23: "It is a standard nonsymmetric eigenproblem with real eigenvalues and the rightmost eigenvalue is known to be 1.\n"
24: "This example illustrates how the user can set a custom spectrum selection.\n\n"
25: "The command line options are:\n"
26: " -m <m>, where <m> = number of grid subdivisions in each dimension.\n\n";
28: #include <slepceps.h>
30: /*
31: User-defined routines
32: */
34: PetscErrorCode MyEigenSort(PetscScalar ar,PetscScalar ai,PetscScalar br,PetscScalar bi,PetscInt *r,void *ctx);
35: PetscErrorCode MatMarkovModel(PetscInt m,Mat A);
39: int main(int argc,char **argv) 40: {
41: Vec v0; /* initial vector */
42: Mat A; /* operator matrix */
43: EPS eps; /* eigenproblem solver context */
44: ST st; /* spectral transformation associated */
45: EPSType type;
46: PetscReal tol=1000*PETSC_MACHINE_EPSILON;
47: PetscScalar target=0.5;
48: PetscInt N,m=15,nev;
50: char str[50];
52: SlepcInitialize(&argc,&argv,(char*)0,help);
54: PetscOptionsGetInt(NULL,"-m",&m,NULL);
55: N = m*(m+1)/2;
56: PetscPrintf(PETSC_COMM_WORLD,"\nMarkov Model, N=%D (m=%D)\n",N,m);
57: PetscOptionsGetScalar(NULL,"-target",&target,NULL);
58: SlepcSNPrintfScalar(str,50,target,PETSC_FALSE);
59: PetscPrintf(PETSC_COMM_WORLD,"Searching closest eigenvalues to the right of %s.\n\n",str);
61: /* - - - - - - - - - - - - - - - - - - - - - - - - - - - - - - - - - -
62: Compute the operator matrix that defines the eigensystem, Ax=kx
63: - - - - - - - - - - - - - - - - - - - - - - - - - - - - - - - - - - */
65: MatCreate(PETSC_COMM_WORLD,&A);
66: MatSetSizes(A,PETSC_DECIDE,PETSC_DECIDE,N,N);
67: MatSetFromOptions(A);
68: MatSetUp(A);
69: MatMarkovModel(m,A);
71: /* - - - - - - - - - - - - - - - - - - - - - - - - - - - - - - - - - -
72: Create the eigensolver and set various options
73: - - - - - - - - - - - - - - - - - - - - - - - - - - - - - - - - - - */
75: /*
76: Create eigensolver context
77: */
78: EPSCreate(PETSC_COMM_WORLD,&eps);
80: /*
81: Set operators.
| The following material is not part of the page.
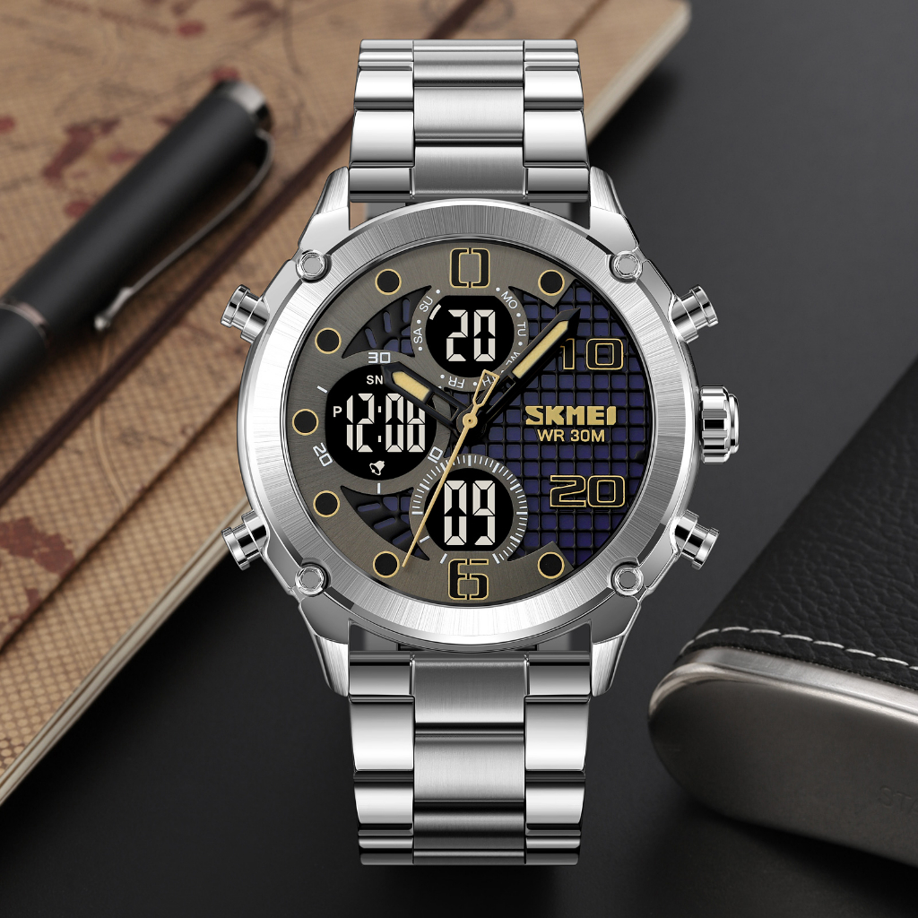 Brand : SKMEI Grade : Original. Tahan air : 3 ATM. Diameter case : 45.9mm. Tebal case: 14,4 mm Bahan case : Zinc Alloy Panjang tali : 26cm. Lebar tali : 22mm. Bahan tali : Stainless Steel Tipe clasp : Folding Clasp Display : Digital Analog Mesin : Japan Movement. Fungsi : 3time, Chrono, Alarm, Date, Week, EL, Count Down, 12/24hours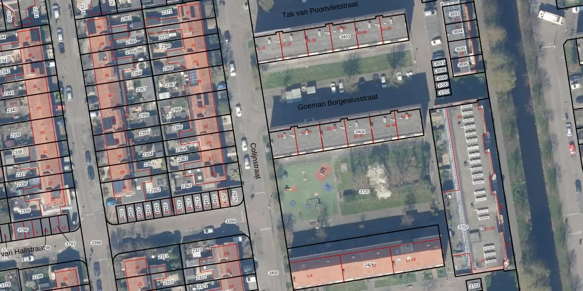 Goeman Borgesiusstraat 10 is gelegen op kadastraal perceel GDA01I3404. Deze kadastrale aanduiding is uniek en wordt gebruikt door het Kadaster om eigendomsrechten en andere zakelijke rechten vast te leggen. Het perceel maakt onderdeel uit van de kadastrale gemeente Gouda.

In this case, it is a standard eigenvalue problem
82: */
83: EPSSetOperators(eps,A,NULL);
84: EPSSetProblemType(eps,EPS_NHEP);
85: EPSSetTolerances(eps,tol,PETSC_DEFAULT);
87: /*
88: Set the custom comparing routine in order to obtain the eigenvalues
89: closest to the target on the right only
90: */
91: EPSSetEigenvalueComparison(eps,MyEigenSort,&target);
93: /*
94: Set solver parameters at runtime
95: */
96: EPSSetFromOptions(eps);
98: /*
99: Set the preconditioner based on A - target * I
100: */
101: EPSGetST(eps,&st);
102: STSetShift(st,target);
104: /*
105: Set the initial vector. This is optional, if not done the initial
106: vector is set to random values
107: */
108: MatCreateVecs(A,&v0,NULL);
109: VecSet(v0,1.0);
110: EPSSetInitialSpace(eps,1,&v0);
112: /* - - - - - - - - - - - - - - - - - - - - - - - - - - - - - - - - - -
113: Solve the eigensystem
114: - - - - - - - - - - - - - - - - - - - - - - - - - - - - - - - - - - */
116: EPSSolve(eps);
118: /*
119: Optional: Get some information from the solver and display it
120: */
121: EPSGetType(eps,&type);
122: PetscPrintf(PETSC_COMM_WORLD," Solution method: %s\n\n",type);
123: EPSGetDimensions(eps,&nev,NULL,NULL);
124: PetscPrintf(PETSC_COMM_WORLD," Number of requested eigenvalues: %D\n",nev);
126: /* - - - - - - - - - - - - - - - - - - - - - - - - - - - - - - - - - -
127: Display solution and clean up
128: - - - - - - - - - - - - - - - - - - - - - - - - - - - - - - - - - - */
130: EPSErrorView(eps,EPS_ERROR_RELATIVE,NULL);
131: EPSDestroy(&eps);
132: MatDestroy(&A);
133: VecDestroy(&v0);
134: SlepcFinalize();
135: return 0;
136: }
140: /*
141: Matrix generator for a Markov model of a random walk on a triangular grid.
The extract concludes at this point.